Le Rapport sur le coût des vols de données 2026 d'IBM confirme une hausse du coût des violations de données, mais met surtout en évidence plusieurs enjeux directement liés aux travaux de SPAC Alliance : sécurité physique, gestion des accès, chiffrement des données et des communications, dans un contexte où l’intelligence artificielle accélère fortement les capacités des attaquants.
Le coût moyen mondial d’une violation atteint désormais 4,99 millions de dollars, en hausse de 12 % sur un an.
En bref
- 30 % des violations concernent des données stockées sur site, pour lesquelles IBM cite explicitement la sécurité physique et la gestion des accès parmi les responsabilités critiques.
- Près de 10 % des violations impliquent une réplication illicite de données sur support amovible.
- 53 % des organisations victimes d’une violation ne chiffraient pas leurs données sensibles au repos et en transit.
- Les attaques malveillantes pilotées par l’IA ont progressé de 56 % et représentent désormais plus d’une attaque malveillante sur quatre.
30 % des violations concernent des données on-premises
En 2026, les vols de données stockées sur site poursuivent leur hausse (28 % en 2025 et 20 % en 2024).
IBM souligne explicitement que la protection de ces environnements repose notamment sur le patching, la sécurité physique et la gestion des accès.
Un constat qui rappelle qu’une infrastructure numérique reste dépendante de la protection physique des serveurs, équipements réseau, contrôleurs et locaux sensibles. Le contrôle des accès est l'une des premières défenses cyber.
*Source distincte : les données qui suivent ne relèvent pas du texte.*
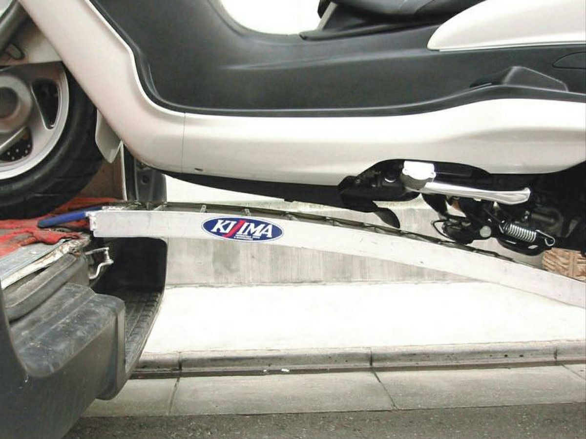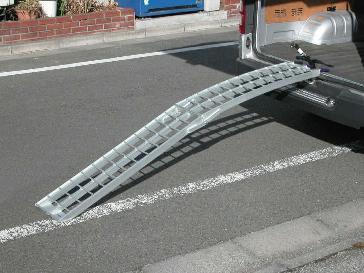 ストレートレールと比べ、軽くて場所もとりません。バイクを積載する時、フロントタイヤがアーチを越える辺りから軽くなり、安定する感じがとてもいいです。安定感は、降ろす時の方がもっとあると思います。ゆるやか感は女性ライダーにはウレシイかも。

Près de 10 % des violations passent par un support amovible
Ces attaques figurent parmi les plus difficiles à détecter : elles nécessitent en moyenne 258 jours pour être identifiées et contenues, car elles peuvent contourner les défenses cyber classiques.
Pour les zones, équipements et données les plus critiques, la maîtrise des accès doit donc reposer sur un niveau d’authentification adapté au risque. Le recours à des mécanismes renforcés, notamment biométriques, peut contribuer à limiter l’usurpation d’identité et à améliorer la traçabilité des accès.
53 % des organisations ne chiffraient pas leurs données sensibles
Ce chiffre montre un manque alarmant de maturité dans la majorité des organisations. Et 10 % supplémentaires ne savaient pas si ces données étaient correctement chiffrées.
Les données et les communications doivent elles-mêmes rester protégées, y compris celles liées au contrôle d’accès. C'est une illustration supplémentaire de l'intérêt de notre protocole SSCP et des mécanismes permettant de se protéger contre les attaques par relais et par rejeu.
L’IA offensive explose
Les attaques pilotées par l’IA ont progressé de 56 % en un an et représentent désormais plus d’une attaque malveillante sur quatre. Elles ajoutent en moyenne 1 million de dollars au coût d’une violation malveillante.
Conclusion
Qu’elle soit physique, cyber ou hybride, une attaque exploite toujours le maillon le plus faible. La protection des données doit reposer sur une chaîne de sécurité cohérente de bout en bout : contrôle des accès physiques, technologies de confiance, communications sécurisées et usages maîtrisés.